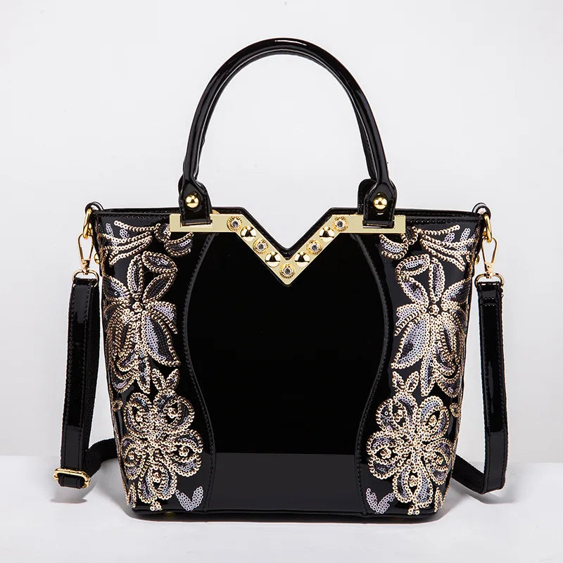 Découvrez le parfait allié de votre style avec ce sac à main en cuir verni, sublimé par une broderie florale délicate et des détails scintillants.
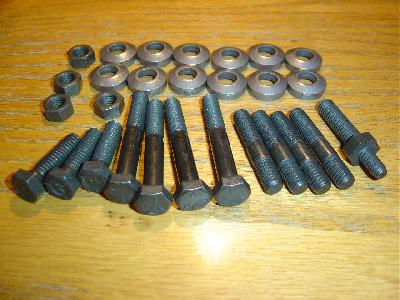 New OEM Correct 71-74 318 340 360 exhaust manifold fastener set. Includes all the parts in the photo. The parts are the same size, head markings and plating as originals.
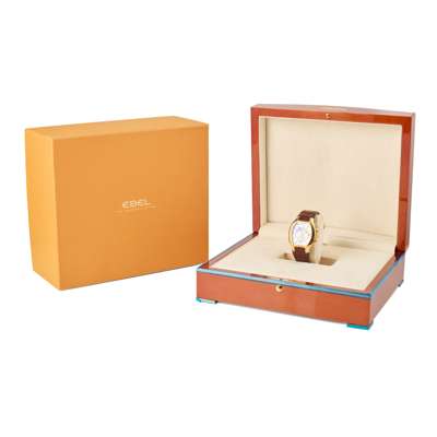 Cal.E139 self-winding 27 jewel movement, silvered dial with central pattern, applied gold index markers, apertures for minutes, hours disc and date, leaf hands, centre seconds, tonneau shape case with exhibition reverse, strap secured by screws, with 18k gold Ebel deployant buckle, case, dial and movement signed. Accompanied by presentation case and blank Ebel warranty
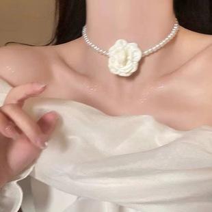 Elegante collar de camelia tridimensional francés femenino ins hecho a mano flor de tela puro sexy collar cadena clavícula lote

Work item:
First drop every picture, then print the data above exactly as it stands.

Answer section:
 Découvrez le parfait allié de votre style avec ce sac à main en cuir verni, sublimé par une broderie florale délicate et des détails scintillants.
 New OEM Correct 71-74 318 340 360 exhaust manifold fastener set. Includes all the parts in the photo. The parts are the same size, head markings and plating as originals.
 Cal.E139 self-winding 27 jewel movement, silvered dial with central pattern, applied gold index markers, apertures for minutes, hours disc and date, leaf hands, centre seconds, tonneau shape case with exhibition reverse, strap secured by screws, with 18k gold Ebel deployant buckle, case, dial and movement signed. Accompanied by presentation case and blank Ebel warranty
 Elegante collar de camelia tridimensional francés femenino ins hecho a mano flor de tela puro sexy collar cadena clavícula lote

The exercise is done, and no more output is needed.